Smith's raises the ante in Calif. competition

Drug Store News, Sept 7, 1992 by James Frederick

FULLERTON, Calif. - Smith's Food & Drug Centers is cutting a new swath into Southern California's crowded marketplace with a potent combination of dazzling combo stores, proactive customer service and everyday low prices.

Smith's was here before, beginning in 1971 with a tenuous foothold that depended on acquired store facilities and California's exploding growth rate. The Salt Lake City-based combo chain pulled out in 1984, but the state's allure was too much to resist forever. Smith's re-entered the region a year ago, beginning with an 80,000-square-foot combo in Oxnard, Calif., and quickly began expanding in the greater Los Angeles region. More than a dozen units have already opened in towns like Torrance, Stanton, Lancaster and Inglewood; more stores will quickly follow.

This time, Smith's seems more than ready. For one thing, the chain is building its own stores, and they're state of the art. "The comment we hear from customers most often is how beautiful the store is, "said Zane Day, manager of the nine-month-old Smith's in this growing suburban city. He said Smith's policy is to set the highest standards in the industry for cleanliness and design, with nightly floor polishing, a full-time cleanup person and a complete store overhaul every five years.

Smith's matches the appeal of an award-winning store design with one of the broadest non-foods selections in combo retailing, including a pharmacy and drug department that's integrated from the ground up with the store's format. Pricing is also paramount: the chain does frequent market baskets, advertising price comparisons in its circulars; buys aggressively to get the best deals; and employs a pricing coordinator at each store. In-store promotions are continuous, and Smith's hammers hard on the theme of everyday low prices.

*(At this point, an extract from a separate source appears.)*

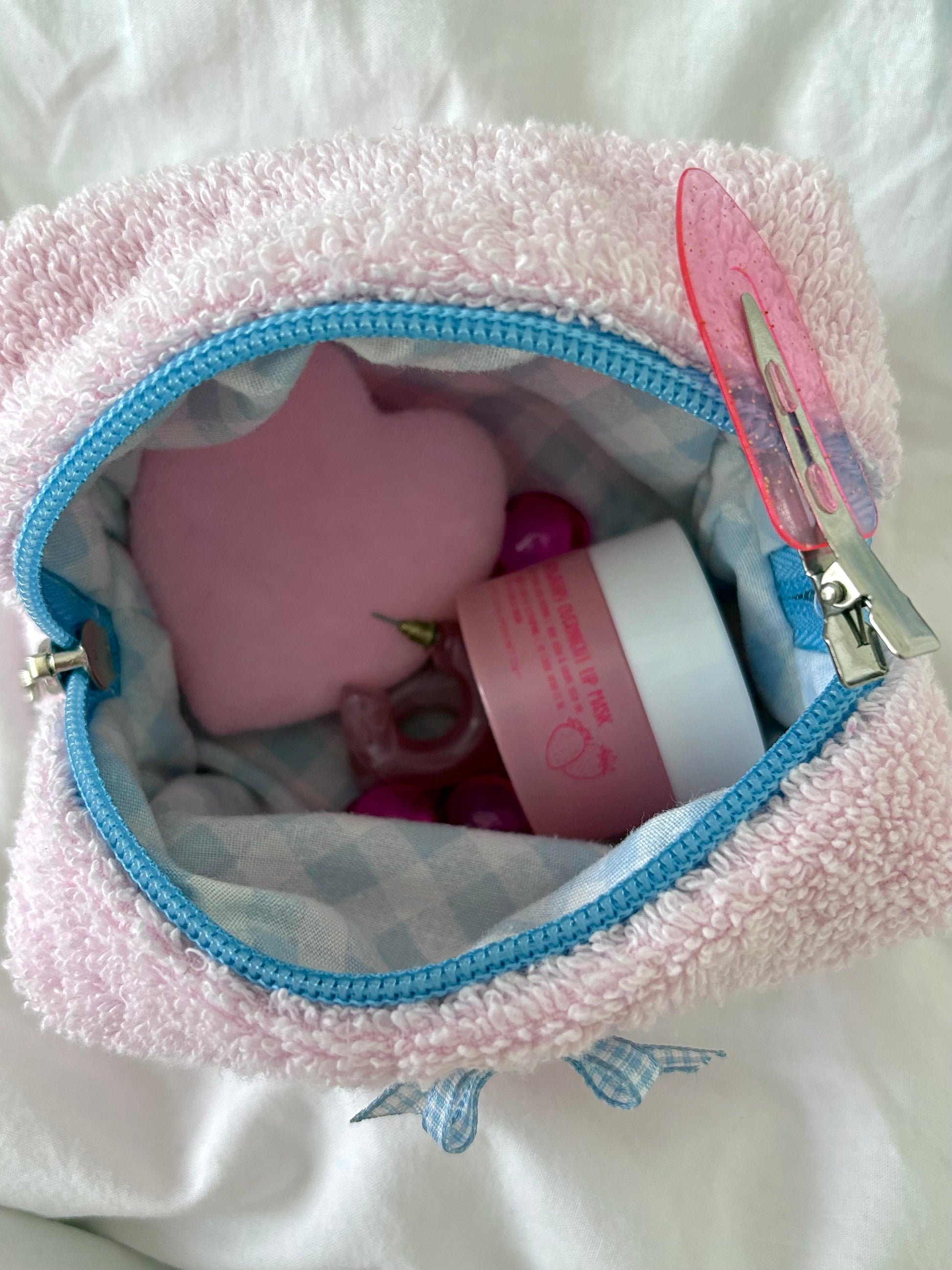 • Tissu : extérieur en éponge rose, doublure en vichy bleu ciel

The chain backs its growing store network - it will finish the year with roughly 125 large combos in eight Western states - with advanced technology and local distribution capabilities.

On the technology front, the chain has enhanced its ability to analyze POS data for the most productive buying and merchandising, and recently added a new automated receiving system for direct-delivered items. And it continues to add automated distribution centers to support new clusters of stores, with the addition last year of a million-square-foot DC outside Phoenix to handle the growing West Coast expansion. Another DC is slated for Riverside, Calif., in early 1994.

Thus, Smith's is better-equipped than most to target its stores to local market demands while maintaining strong central controls.